Risotto is a family favorite, but I hate how long it takes to make: standing over the stove stirring the broth into the rice until it’s soaked up, then adding more broth, on and on for 30 minutes to an hour. Sure, the dish always turns out and everyone’s always clamoring for seconds, but the time it takes can wear me out.

You can imagine how happy I was to discover a risotto recipe where the rice was baked in the oven instead of cooked on the stove. Where did I find this saving grace? Better Homes and Gardens of course, and I’m so happy I did.

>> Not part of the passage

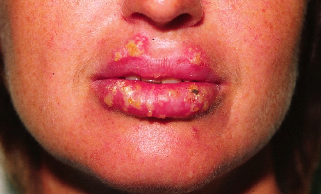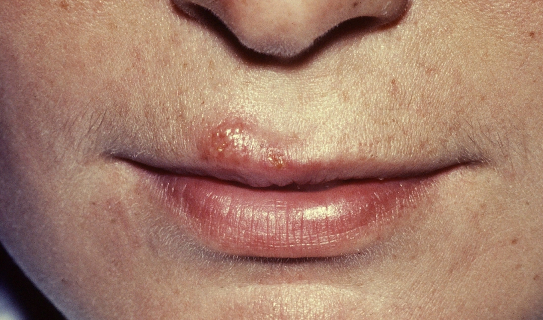 - Первый тип вируса герпеса человека – в основном проявляется на губах. Формируется за 2-3 дня в виде набухающих прозрачных пузырьков. Ощущается с момента зарождения глубоко под кожей, начинает чесаться, краснеть. Кожа постепенно краснеет и на поверхности проявляются прозрачные гранулы, которые со временем лопаются и засыхают. Этот тип герпеса считается самым простым;

Instead of standing over the stove for an hour, I simply cooked the meat and brought the broth to a boil, then poured everything into a baking dish and cooked it in the oven for an hour. That gave me an extra hour to get the table set and play with my son. Anytime I find a recipe that allows me extra play time, that’s a recipe that will be used often.

Baked Risotto with Sausage and Artichokes


  • 1 pound bulk sausage (Jimmy Dean is good)
  • 1 cup chopped fennel
  • 1 cup chopped onion
  • 2 cloves garlic, minced
  • 3/4 cup arborio rice
  • 1, 14-ounce can artichoke hearts, drained
  • 1 cup shredded carrot
  • 1 teaspoon thyme
  • 1/2 teaspoon ground black pepper
  • 2 cups chicken broth
  • 1/3 cup white wine
  • 1/2 cup panko bread crumbs
  • 1/4 cup shredded Parmesan cheese
  • 1 tablespoon butter, melted


  1. Preheat oven to 350 degrees F.
  2. In a large skillet, combine sausage, fennel, onion, and garlic; cook over medium-high heat until meat is brown and vegetables are tender; drain fat; add uncooked rice to meat mixture in skillet and cook for another minute.
  3. Add artichoke hearts, carrots, thyme, and pepper; stir in broth and wine; bring just to boiling; transfer to an ungreased 3-quart casserole dish; bake covered about 1 hour, or until rice is tender, stirring once.
  4. Meanwhile, in a small bowl combine panko, Parmesan cheese, and butter; remove cover and top casserole with crumb mixture; bake uncovered, for 10 more minutes; let stand 5 minutes before serving. Spoon into individual bowls and garnish with Parmesan cheese.